(Dataset items)
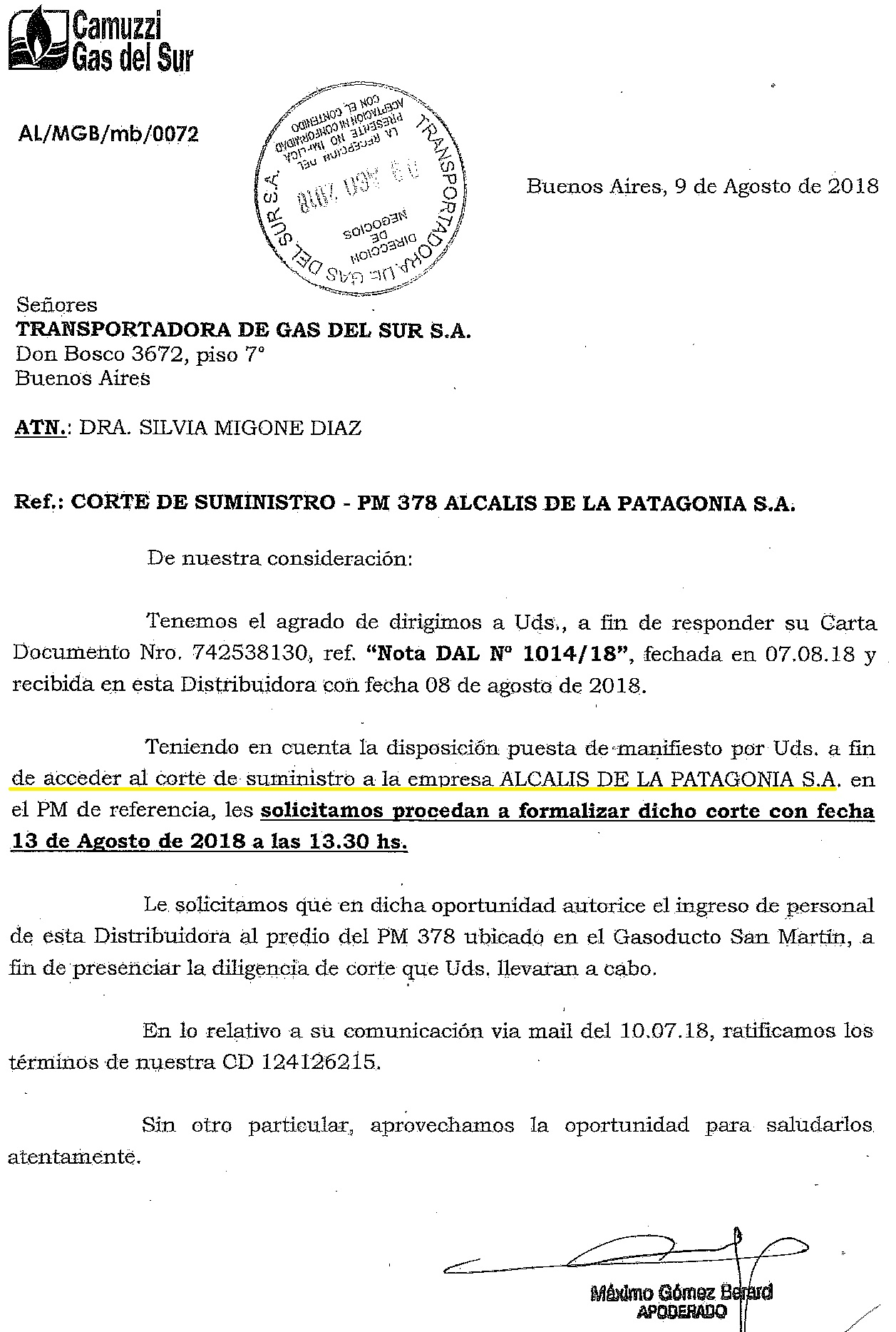 De ese escrito se desprende que el día 9 de agosto Camuzzi emplazó al corte para el día 13 donde el gerente expresa en su contestación que la mediación recién era para este lunes.
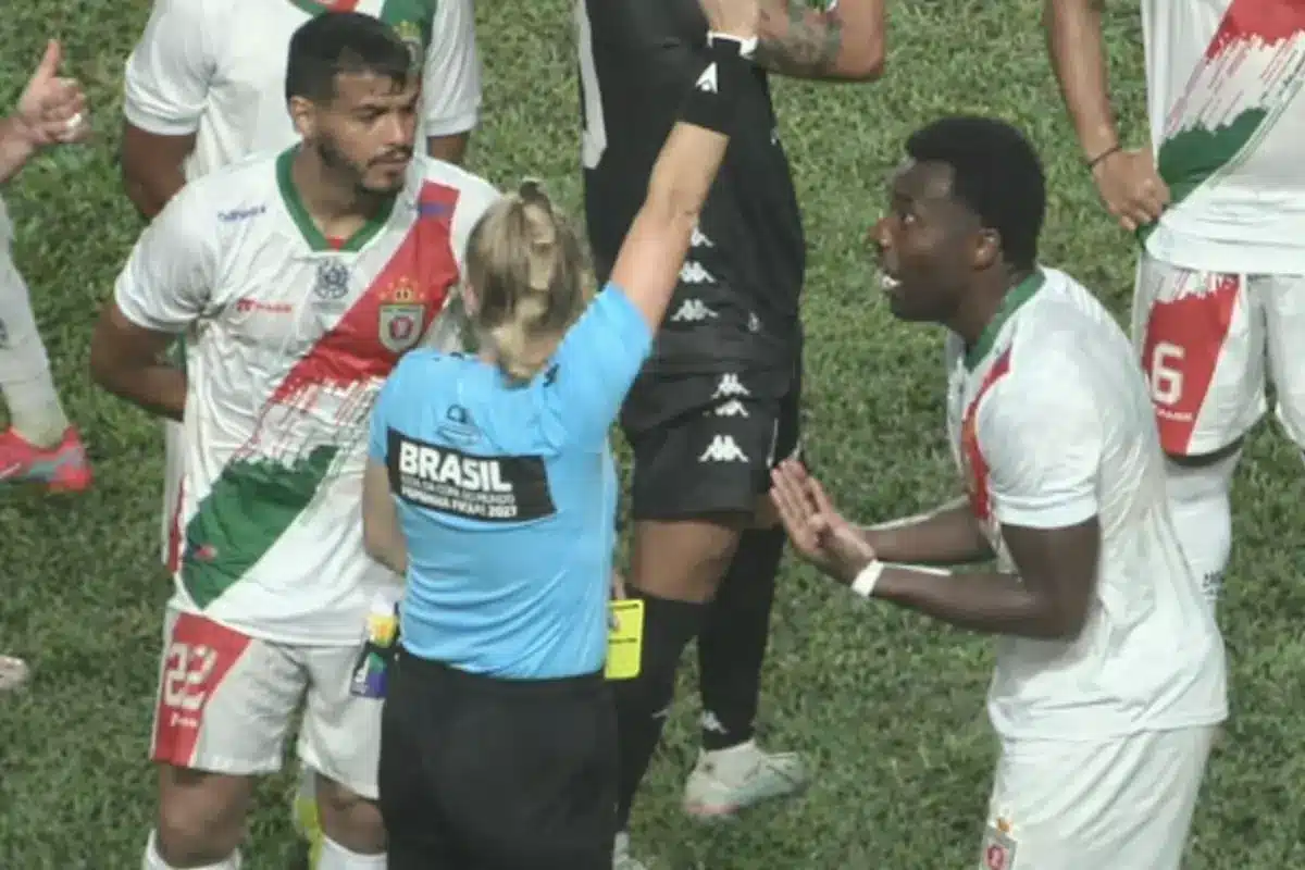 Pouco depois, aos 19 minutos, o volante Fernando, do Real Noroeste Capixaba Futebol Clube, foi expulso após cometer falta, deixando a equipe capixaba com um jogador a menos ainda na etapa inicial.
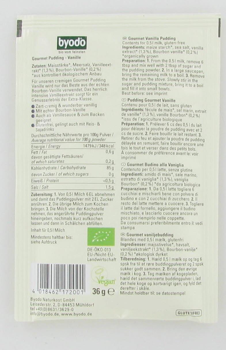 Puddingpulver, Vanille, Bio, glutenfrei, byodo, 36 g
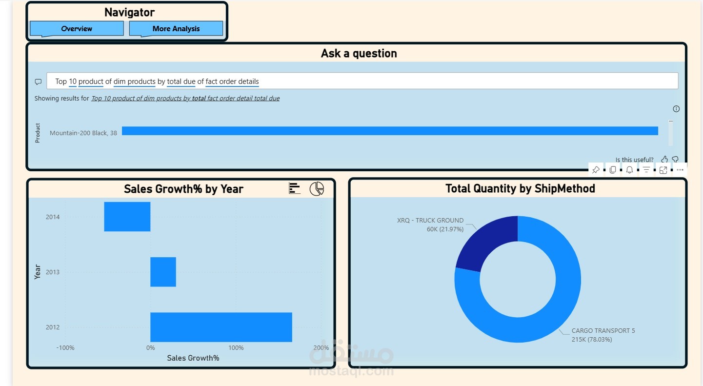 ️ تم إعداد اللوحة باستخدام Power BI مع تصميم بصري مميز (Blue Theme) ، وإضافة تنقل (Navigator) بين الصفحات لسهولة الاستكشاف وتحليل البيانات من زوايا مختلفة.
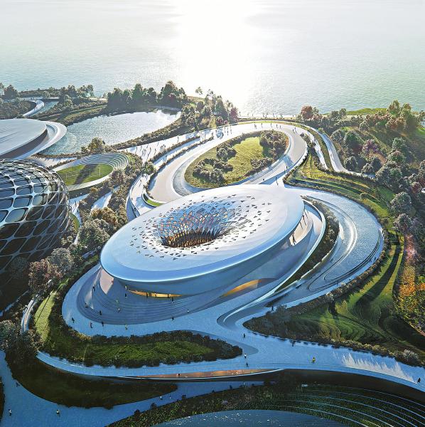 位于天府新区兴隆湖畔的独角兽岛概念图。扎哈·哈迪德建筑事务所供图

**Exercise description:** Copy every line of the data exactly as written, excluding the pictures.

**Answer area:**
 De ese escrito se desprende que el día 9 de agosto Camuzzi emplazó al corte para el día 13 donde el gerente expresa en su contestación que la mediación recién era para este lunes.
 Pouco depois, aos 19 minutos, o volante Fernando, do Real Noroeste Capixaba Futebol Clube, foi expulso após cometer falta, deixando a equipe capixaba com um jogador a menos ainda na etapa inicial.
 Puddingpulver, Vanille, Bio, glutenfrei, byodo, 36 g
 ️ تم إعداد اللوحة باستخدام Power BI مع تصميم بصري مميز (Blue Theme) ، وإضافة تنقل (Navigator) بين الصفحات لسهولة الاستكشاف وتحليل البيانات من زوايا مختلفة.
 位于天府新区兴隆湖畔的独角兽岛概念图。扎哈·哈迪德建筑事务所供图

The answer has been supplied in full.